Тут мне показалось, что в комнате стало нестерпимо душно. Я,
стараясь не шуметь, распахнула окно, и прохладный ночной воздух
хлынул в мою комнатку, охладив мое разгоряченное лицо. Свеча уже
догорала, глаза быстро привыкли к темноте, царившей на улице.
Листья старого ореха негромко шелестели, яркие звезды сияли в
небесах, и мир был объят покоем, которого мне так недоставало. Я
замерла у окна, взявшись руками за холодные прутья решетки, и
закрыла глаза.
- Доброй ночи, госпожа Эттани! - вдруг раздался негромкий голос.
- Вижу, вам не спится этой ночью? Какое совпадение!..
Я едва не взвизгнула от испуга: ко мне обращался человек,
прячущийся среди ветвей дерева! И я почти сразу же узнала его по
голосу, благо в Иллирии мне довелось разговаривать с немногими.

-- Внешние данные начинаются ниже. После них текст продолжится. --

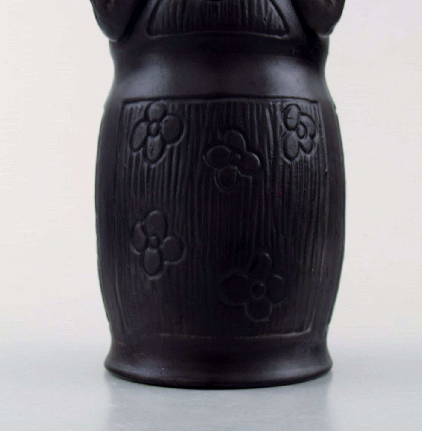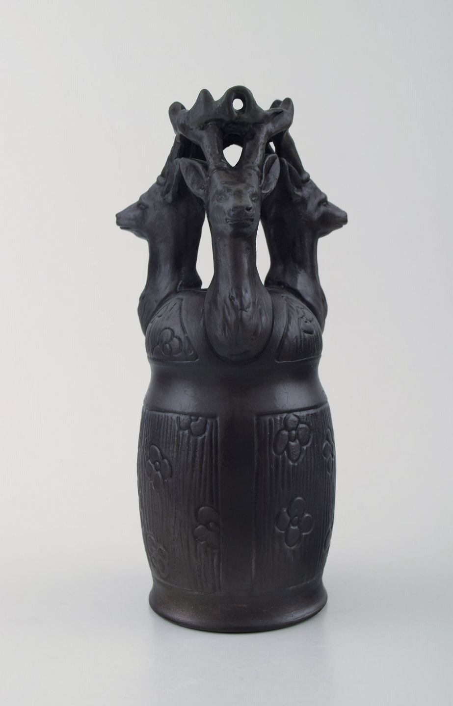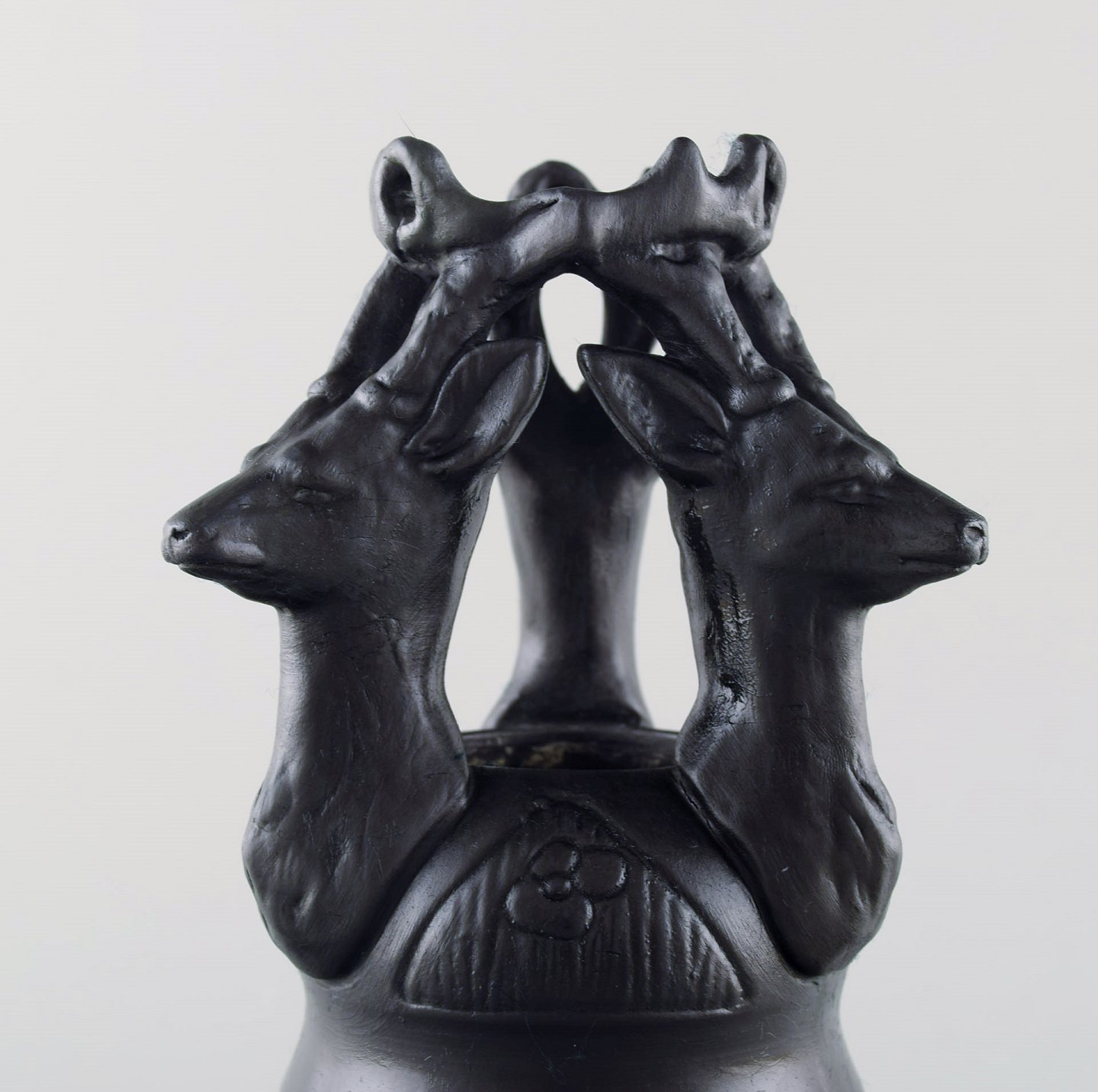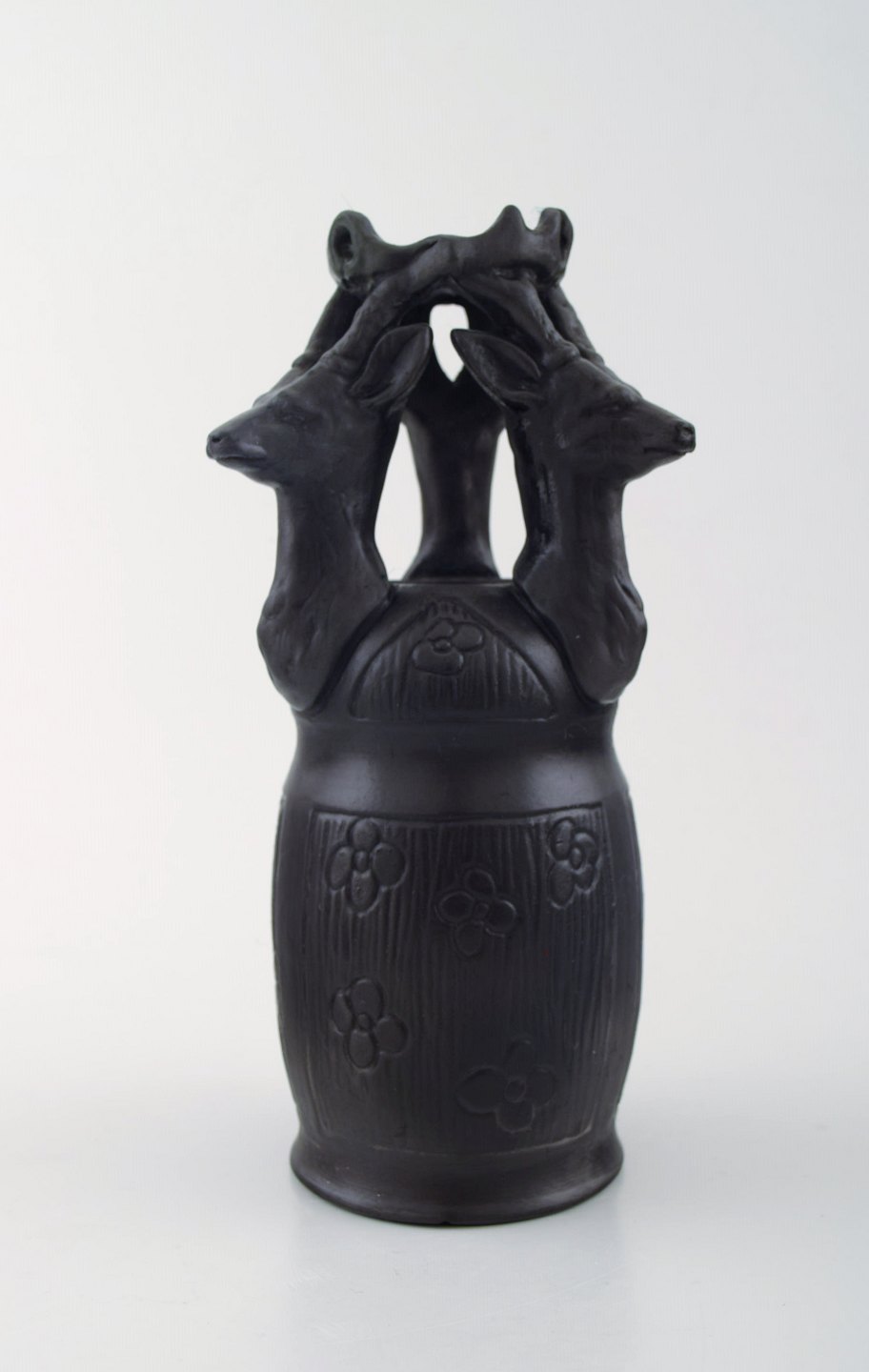 Hjorth skønvirke vase i terracotta, hjorte. Ca. 1900´erne. Måler : 19 cm. x 8 cm. I perfekt stand. Stemplet. Modelnummer 733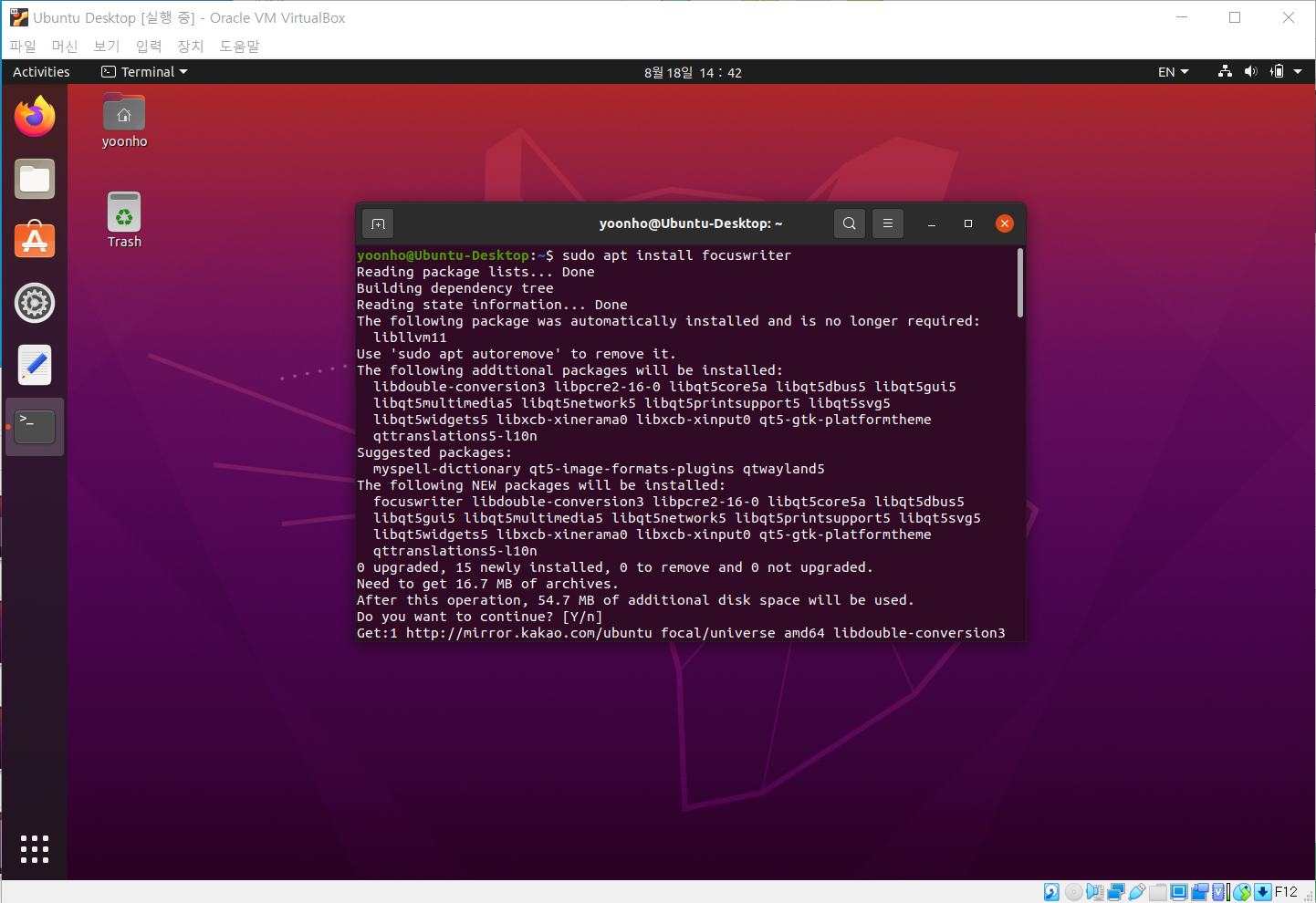 [Y/n] 은 기본값이 Y라는 뜻이므로 Continue를 위해 엔터키를 한 번 더 눌러준다.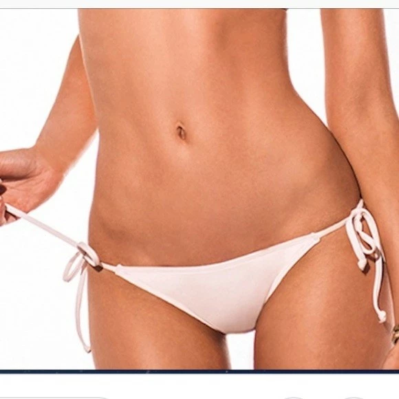 L*Space Ooh La La Bikini Bottom in Shell. Adjustable tie side bottom. Providing Moderate Coverage bottom Shirring Detail at the rear.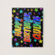 This fun and vibrant birthday-themed jigsaw puzzle design has the message "HAPPY BIRTHDAY, QUINN" with the characters having a colourful rainbow spectrum inspired gradient pattern, along with a lively field of stars background pattern. A colourful puzzle like this might be a fun way to send birthday greetings to somebody named Quinn. [~Z0000468]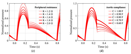 Figure 7b shows the normalized aortic pressure according to peripheral resistance. As a result, as the peripheral resistance increases, the pulse pressure, which is the amplitude of the aortic pressure waveform, decreases.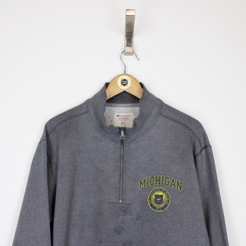 Vintage 00's Champion Michigan USA Grey Pullover 1/4 Zip Spellout Sweatshirt Jumper Size on label: XL Our recommended size: XL Pit to pit (inches): 26 Length (inches): 30 All products listed are vintage unless stated otherwise in the description. These items are pre-loved and pre-worn, resulting in small signs of wear and minor fading. We think this adds to their unique authenticity, but if an item has any major flaws these will be stated below. - The sweatshirt does have a few marks to the front, this is reflected in the price Please contact us if you have any further questions!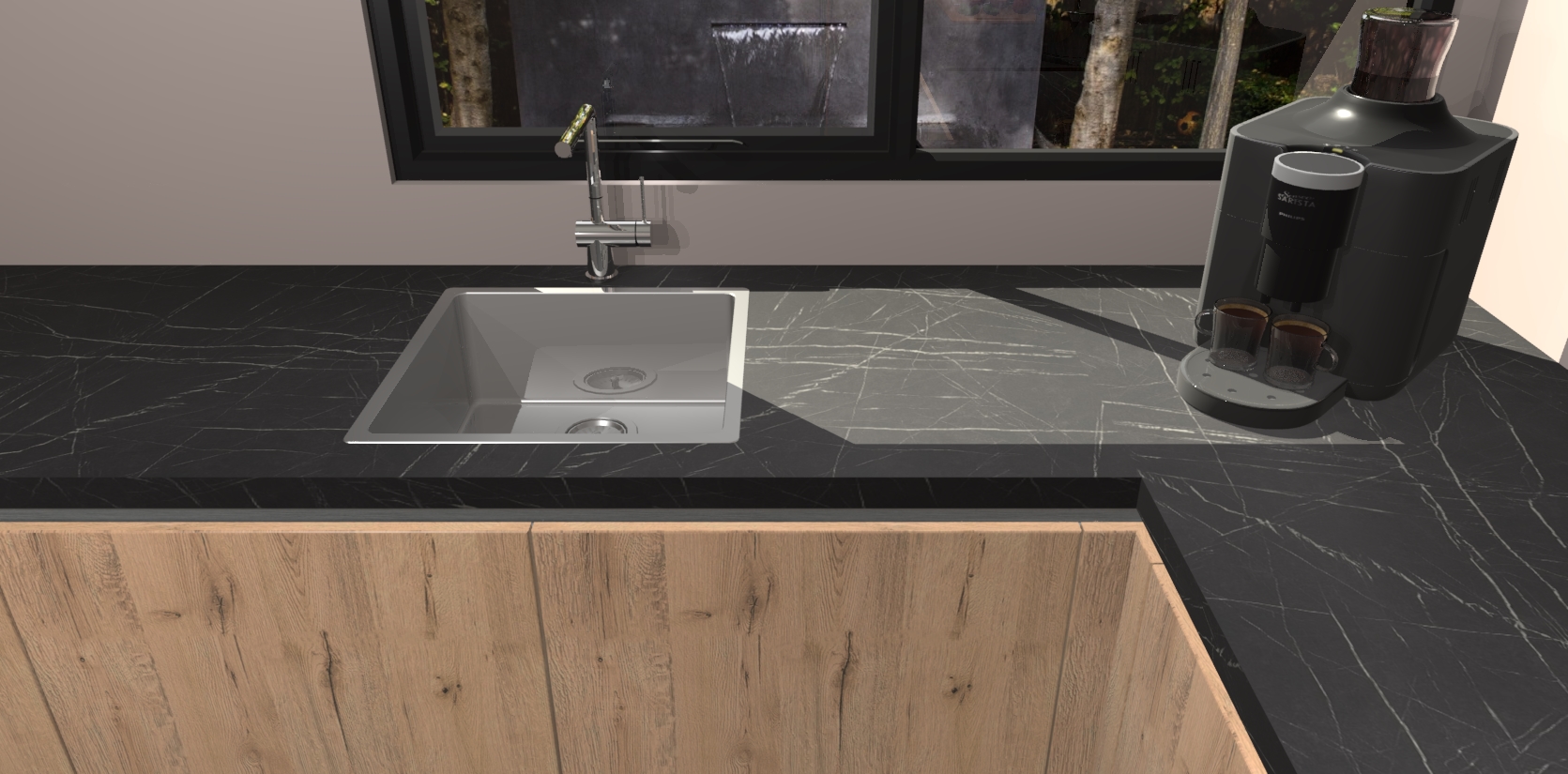 - Bij een hoekwerkblad zijn de hoeken in gevreesd en op maat gemaakt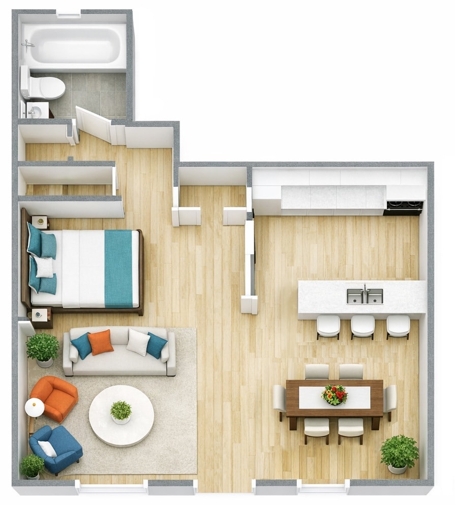 One Bedroom One Bath - Floorplan One Bedroom One Bath - 3D Tour One Bedroom One Bath - 3D Tour 2 Bedrooms

Конечно же, это был Вико Брана, бог весть зачем карауливший меня у
окна в темноте.
Да, бурное течение жизни в столице отличалось от неспешного
бытия провинции. Никогда еще мне не доводилось разговаривать среди
ночи с мужчиной, тайно пробравшимся к моему окну. Возможно, кому-то
в этом увиделась бы романтика, но я чувствовала в происходящем
несуразнейшую пошлость, не говоря уж об опасности. Я невольно
представила себе, что бы сказал господин Эттани, узнав о подобном
визите, и пришла в ужас. Растерянность моя привела к совершению
первой ошибки: вместо того, чтобы захлопнуть окно и переполошить
весь дом истошным криком, я в немалом удивлении произнесла:
- Господин Брана, вы с ума сошли! Что вы тут делаете?
- Я пришел с вами поговорить! - отозвался с готовностью
Вико.
- Нам не о чем с вами разговаривать, - отрезала я, уже сожалея,
что поддержала этот нелепый разговор. - Убирайтесь, пока вас не
заметили!
- Но я хотел принести вам свои извинения...
- Я в них не нуждаюсь, - и опять я прикусила свой предательский
язык.
Некоторое время мы препирались таким образом, причем я все
больше увлекалась и все меньше соображала, какую беду на себя
навлекаю. Должно быть, сказывалось то, что я вела истинно
затворническую жизнь последнее время и истосковалась по
непринужденному общению. Единственной здравой мыслью, не покинувшей
мою голову, было опасение, что наш разговор с Вико будет услышан
кем-то из поздних прохожих или слуг, и мне впоследствии будет
весьма непросто объясниться перед отцом. Забегая наперед, должна
сообщить, что эта же мысль меня и сгубила.